2. McpFactory::acquire() is not implemented

The plan says Step 6.5 ships a trivial acquire() that "checks active for an upgradable Weak, otherwise spawns fresh" and "drops tear down the subprocess directly."

I wrote the Mutex<HashMap<McpServerKey, Weak<ConnectedServer>>> field and the try_get_active / insert_active building blocks, but not an acquire() method. The reason is that actually spawning an MCP subprocess requires lifting the current spawning logic out of McpRegistry::init_server (in src/mcp/mod.rs) — that's a ~60 line chunk of tokio child process setup, rmcp handshake, and error handling that's tightly coupled to McpRegistry. Extracting it as a factory method is a meaningful refactor that belongs alongside the Step 8 caller migration, not as orphaned scaffolding that nobody calls.

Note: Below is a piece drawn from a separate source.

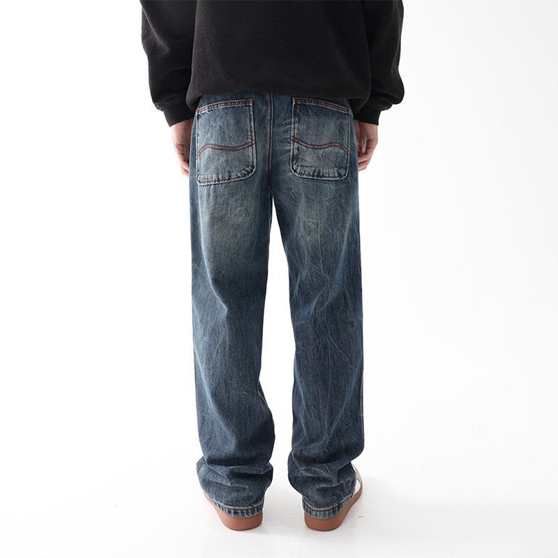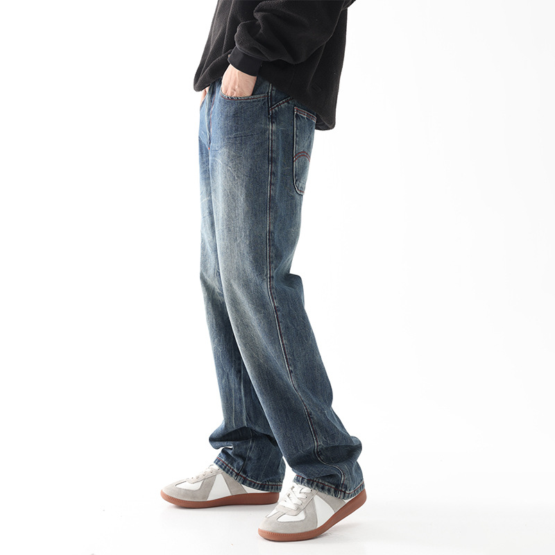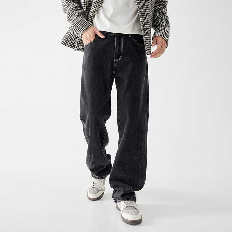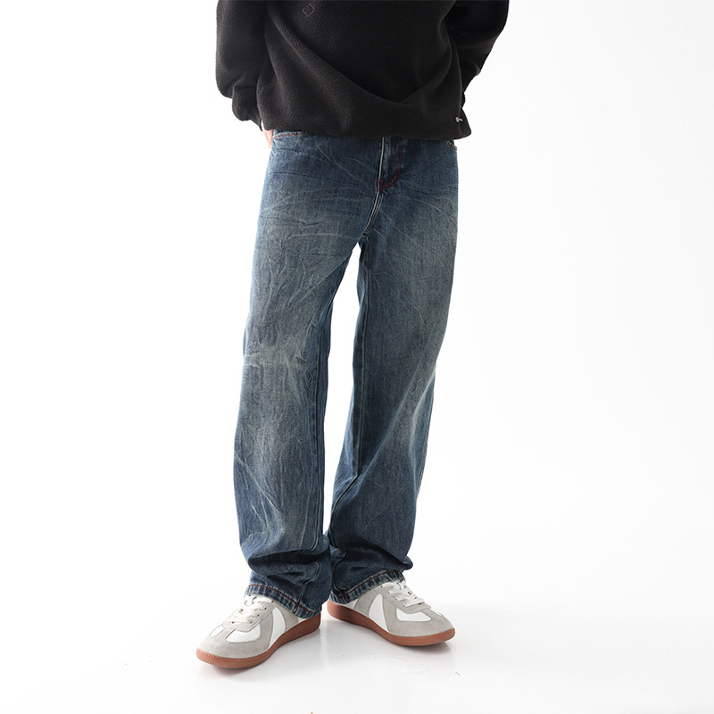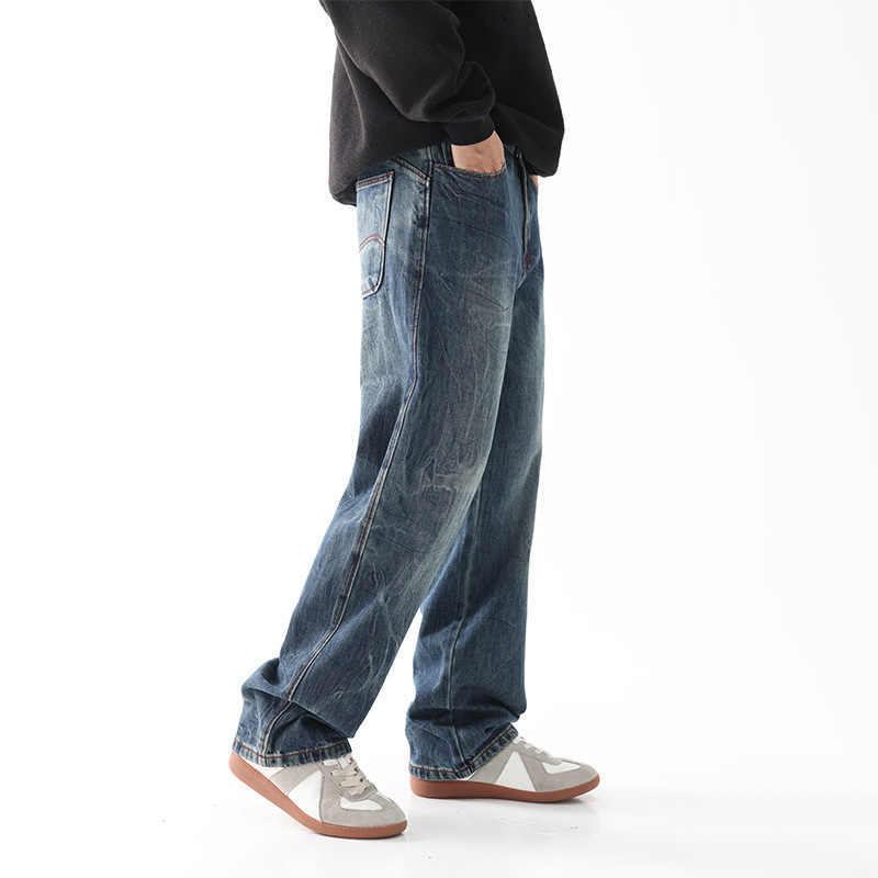 美式经典复古春季牛仔裤男宽松直筒男裤子爆裂纹重水洗休闲长裤男

The try_get_active and insert_active primitives are the minimum needed for Step 8's acquire() implementation to be a thin wrapper.

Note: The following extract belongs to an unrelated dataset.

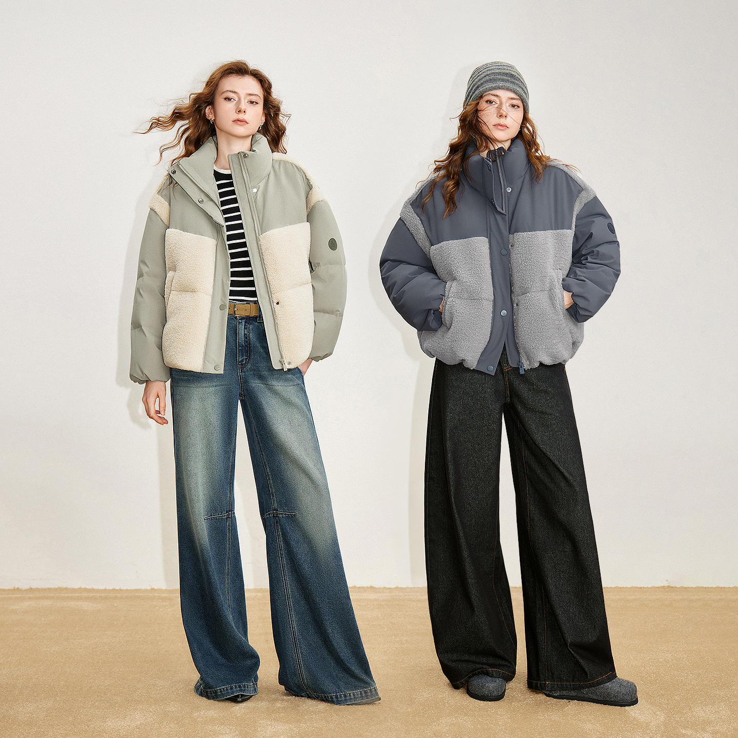 This jacket is filled with high-quality white duck down for excellent insulation while staying surprisingly lightweight. The outer layer uses durable oxford fabric combined with soft fleece spliced panels for added warmth and texture. The result is a refined winter coat that works just as well in the office as it does outside.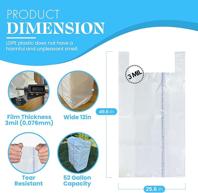 - Extra Large Capacity: With a generous 52-gallon capacity and dimensions of 49.6 x 25.6 inches, these large trash bags are ideal for big trash bags jobs like home renovations, outdoor cleanups, and landscaping.

3. Sub-struct fields coexist with flat fields

RequestContext now has both:

  • Flat fields (functions, tool_call_tracker, supervisor, inbox, root_escalation_queue, self_agent_id, current_depth, parent_supervisor) — populated by Config::to_request_context during the bridge
  • Sub-struct fields (tool_scope: ToolScope, agent_runtime: Option<AgentRuntime>) — default- initialized in RequestContext::new() and by the bridge; real population happens in Step 8

This is deliberate scaffolding, not a refactor miss. The module docstring explicitly explains this so a reviewer doesn't try to "fix" the apparent duplication.

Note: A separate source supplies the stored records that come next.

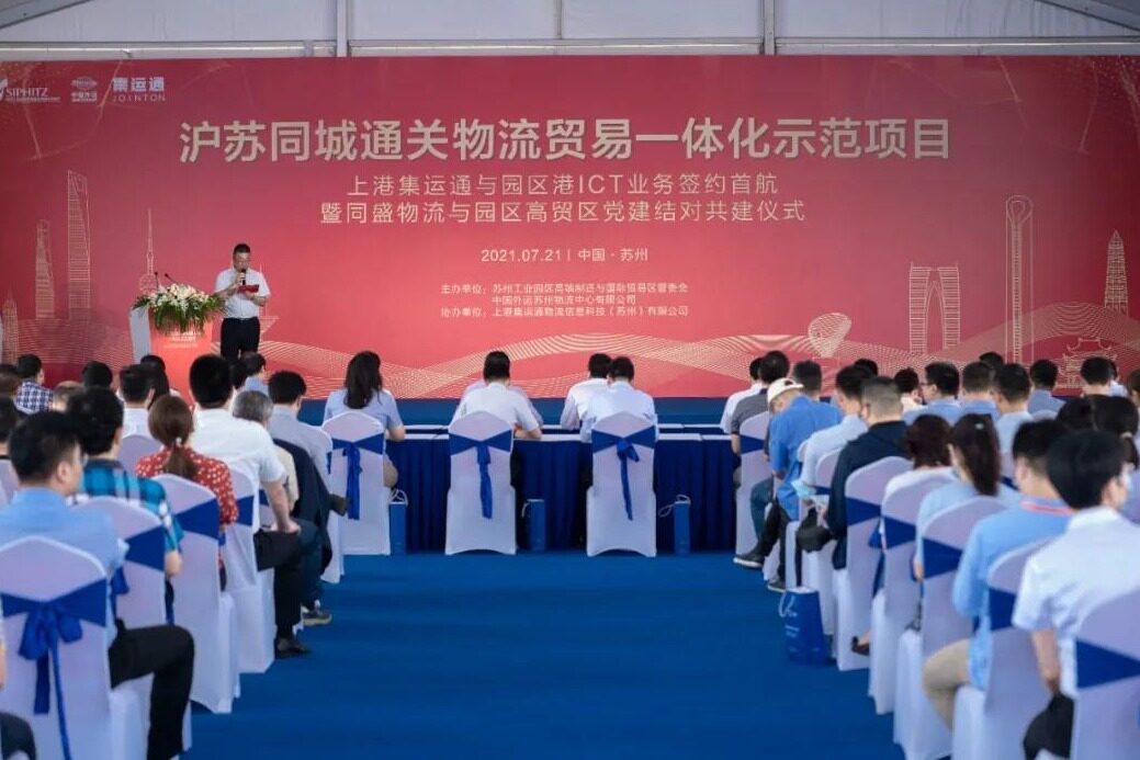 2021年07月21日,在苏州园区港隆重举行了上港集运通物流信息科技(苏州)有限公司与中国外运苏州物流中心有限公司合作开展苏州园区港ICT业务签约首航仪式和中共上海同盛物流园区投资开发有限公司总支部委员会与苏州工业园区高端制造业和国际贸易区机关总支部委会党建结对共建仪式。苏州工业园区管委会副主任孙扬澄、上海国际港务(集团)股份有限公司副总裁张欣、中国外运长江有限公司总经理崔仲谦、苏州市交通局领导、园区海关领导、园区高贸区管委会孟宏主任以及船公司、货主企业等嘉宾出席活动并见证了双方协议签约。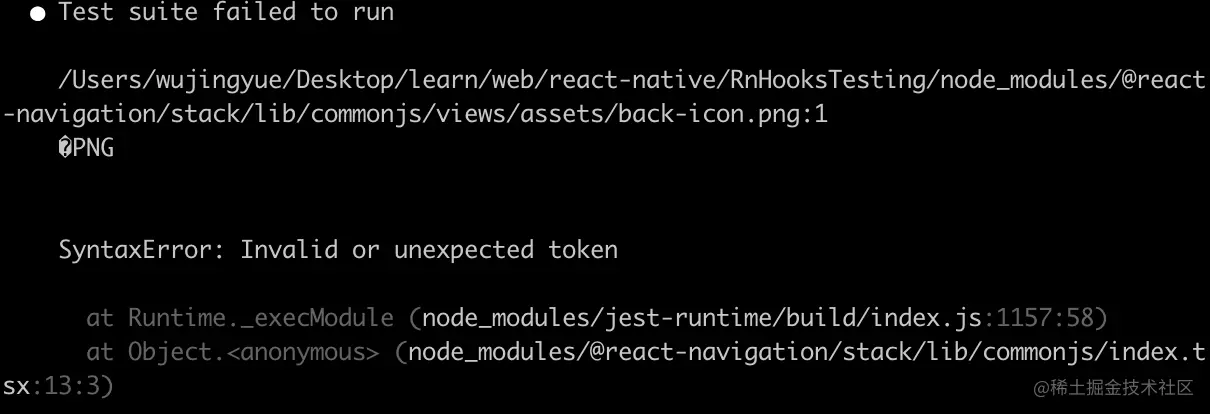 我们来分析错误,很明显这个是 react-navigation 导航的返回的图片,既然知道是 react-navigation 的错误,接下来就很简单了,首先去 react-navigation 的 github 中的 issures 中搜索,结果我看到了我想要的答案 "Syntax Error: Invalid or unexpected token" with .png #2663 ,热心的好友们提供了自己觉得可行的方案,我尝试我下面的方案,发现成功了,至于为什么目前我还不清楚。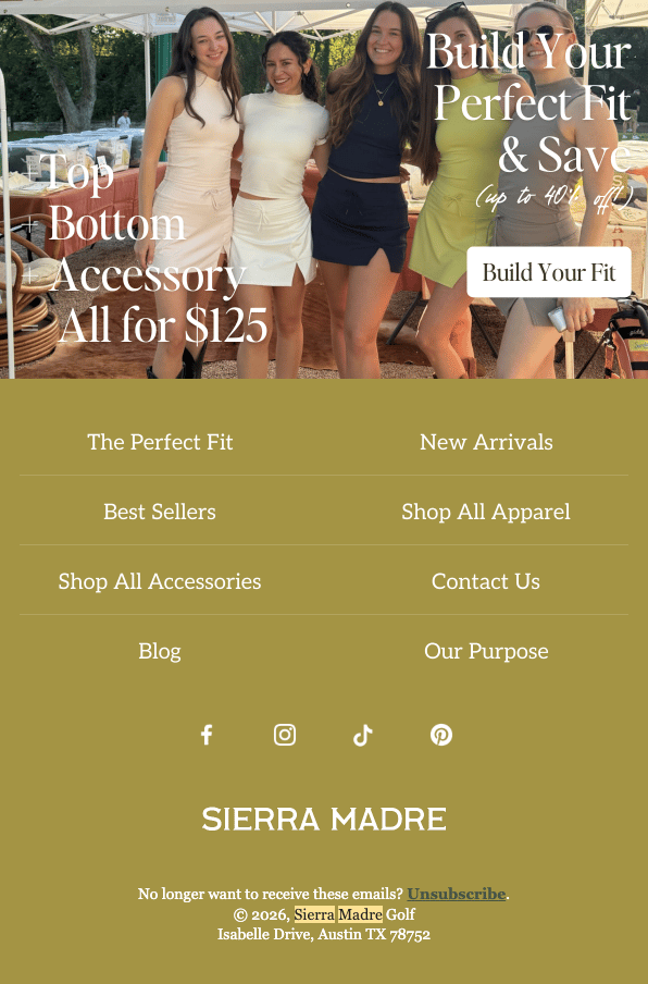 This monthly send turns real outfits into social proof, shows how their pieces work on and off the course, and quietly doubles as an outfit builder. It’s even more proof that community can be one of your strongest conversion levers.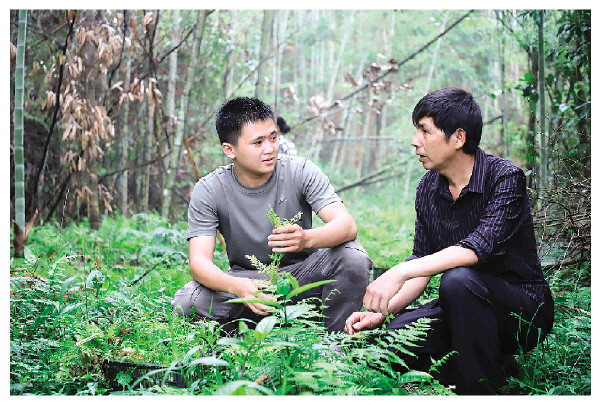 ▲周思发(右)在查看金毛狗蕨生长情况。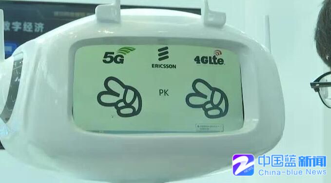 这有一台5G人机互动机,可以跟他玩石头剪子布。首先,我们可以看到屏幕左边的是使用5G的技术,右边这个是使用4G的技术,记者出石头,屏幕上显示出了两个“布”。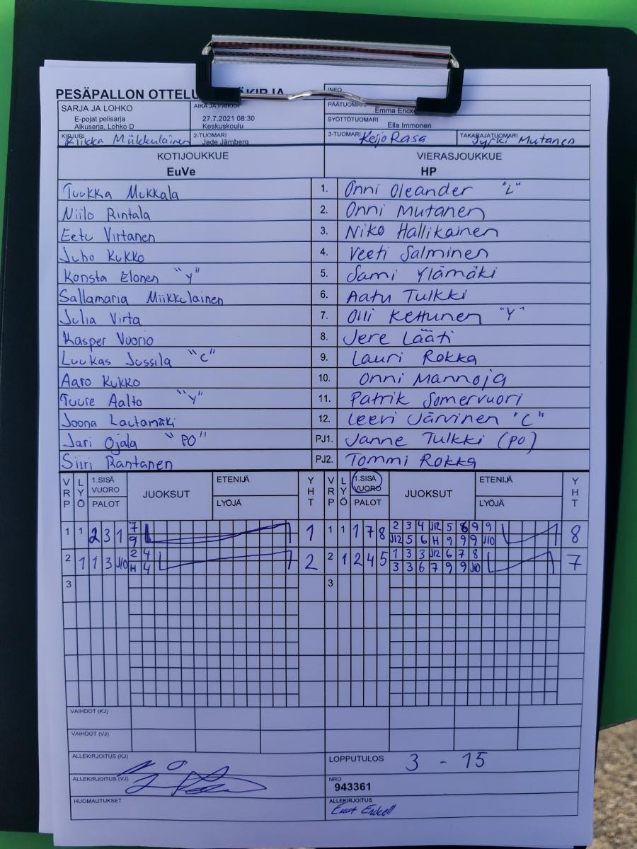 | 27.7.2021 08:30 | E-pojat pelisarja | Alkusarja, Lohko D | EuVe | HP | 3-15 | | näytä |

When Step 8 migrates use_role and friends to RequestContext, those methods will populate tool_scope and agent_runtime directly. The flat fields will become stale / unused during Step 8 and get deleted alongside Config in Step 10.

4. ConnectedServer visibility bump

The minimum change to src/mcp/mod.rs was making type ConnectedServer public (pub type ConnectedServer). This lets tool_scope.rs and mcp_factory.rs reference the live MCP handle type directly without either:

  1. Reaching into rmcp::service::RunningService<RoleClient, ()> from the config crate (tight coupling to rmcp)
  2. Inventing a new McpServerHandle wrapper (premature abstraction that would need to be unwrapped later)

The visibility change is bounded: ConnectedServer is only used from within the loki crate, and pub here means "visible to the whole crate" via Rust's module privacy, not "part of Loki's external API."

5. todo_list: Option<TodoList> tightening

AgentRuntime.todo_list: Option<TodoList> (vs today's Agent.todo_list: TodoList with Default::default() always allocated). This is an opportunistic memory optimization during the scaffolding phase: when Step 8 populates AgentRuntime, it should allocate Some(TodoList::default()) only when spec.auto_continue == true. Agents without auto-continue skip the allocation entirely.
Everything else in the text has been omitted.